Alors que se célèbrent en France les premiers mariages homosexuels, le roman d’Irving va faire couler beaucoup d’encre. Je vous en recommande la lecture car c’est aussi un plaidoyer pour la tolérance, le respect des différences.

 » Ne me fourre pas dans une catégorie avant même de me connaître. »

 » Je vous prierai de ne pas me coller d’étiquette. »

challengeABC2013

Auteur

contact@surlaroutedejostein.fr

Commentaires

31 mai 2013 à 9 h 28 min

Je n’ai jamais lu cet auteur.. Encore un à découvrir !



31 mai 2013 à 10 h 17 min

C’est ma prochaine lecture !



alexmotamots
31 mai 2013 à 16 h 17 min

Un auteur que j’aime beaucoup. Mais déçue par son précédent.



1 juin 2013 à 15 h 44 min

Très tentant ! Et j’aime bien Irving ! Bon il y a Dernière nuit à Twisted River qui m’attend sur un coin d’étagère mais… je suis davantage attirée par ce dernier titre.



Uni
12 juin 2013 à 16 h 21 min

Je viens de le finir. J’apprécie beaucoup Irving de manière génèrale. Ici, le sujet m’intéresse beaucoup, d’autant plus qu’il me concerne, puisque je suis un fille en couple avec une autre fille, mais que je ne me considère pas comme lesbienne, mais aussi parce que j’ai connu beaucoup de personnes séropositives. Seulement, le sujet ne fait pas tout, et j’ai trouvé son roman un peu moins entrainant que certains autres, sans grande surprise ou plutôt assez prévisible, et pas assez « fourni »/dense (tels que le sont ses autres romans). Je m’attendais à ne pas pouvoir m’en décoller (comme cela m’arrive régulièrement en le lisant) et pourtant j’ai décroché à chaque fois sans difficulté. Par ailleurs, je pense que ses sujets de prédilections (la lutte, Vienne, les rivières, l’Allemand, la parentalité amputée) étaient amenés un peu moins finement que d’autre fois – peut-être est-ce parce que je les recherche et commence à m’en lasser ?-.
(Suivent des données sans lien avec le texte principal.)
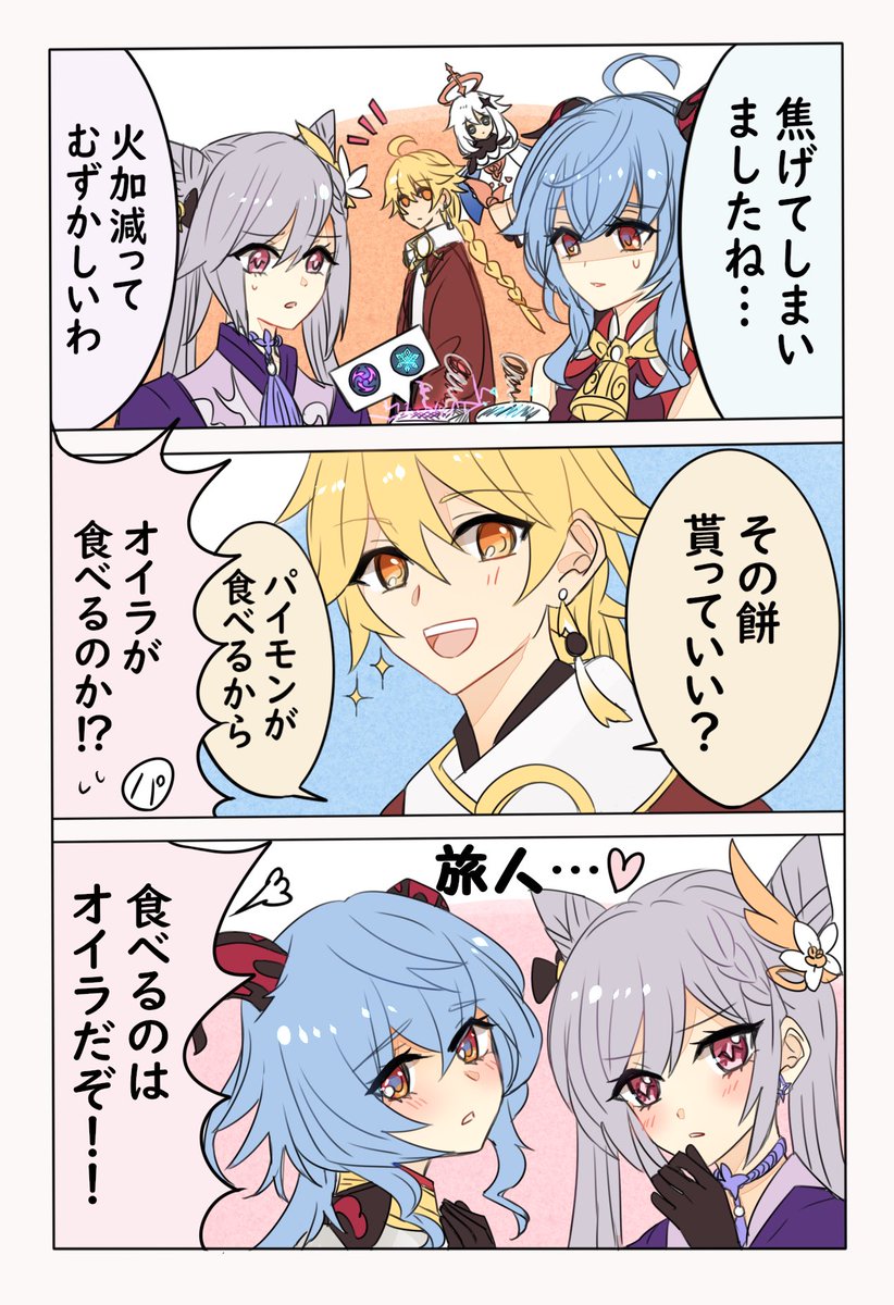 お餅を焼く刻晴ちゃんと甘雨ちゃん+α

    12 juin 2013 à 16 h 52 min

    Surement un roman moins dense que le dernier et peut-être un personnage un peu plus « linéaire » et prévisible. Mais tout de même un sujet et un contexte littéraire intéressants. Souvent lorsqu’on attend trop d’un roman, la lecture est un peu plus décevante.



19 juin 2013 à 15 h 01 min

totalement d’accord! tu le sais déjà, j’ai adoré ce roman, et j’ai hâte déjà d’en découvrir d’autres!
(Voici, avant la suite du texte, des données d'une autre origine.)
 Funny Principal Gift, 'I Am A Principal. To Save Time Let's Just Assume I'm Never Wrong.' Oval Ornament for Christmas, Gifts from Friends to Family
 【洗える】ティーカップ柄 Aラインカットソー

1 juillet 2013 à 11 h 48 min

En ce moment je suis en totale extase devant la prose d’Irving dans « Dernière nuit à Twisted River », auteur que je n’avais jamais lu auparavant. J’ai vu « A moi seul bien des personnages » à la librairie samedi matin, j’attendrai sa sortie en poche en lisant si possible d’autres livres de lui.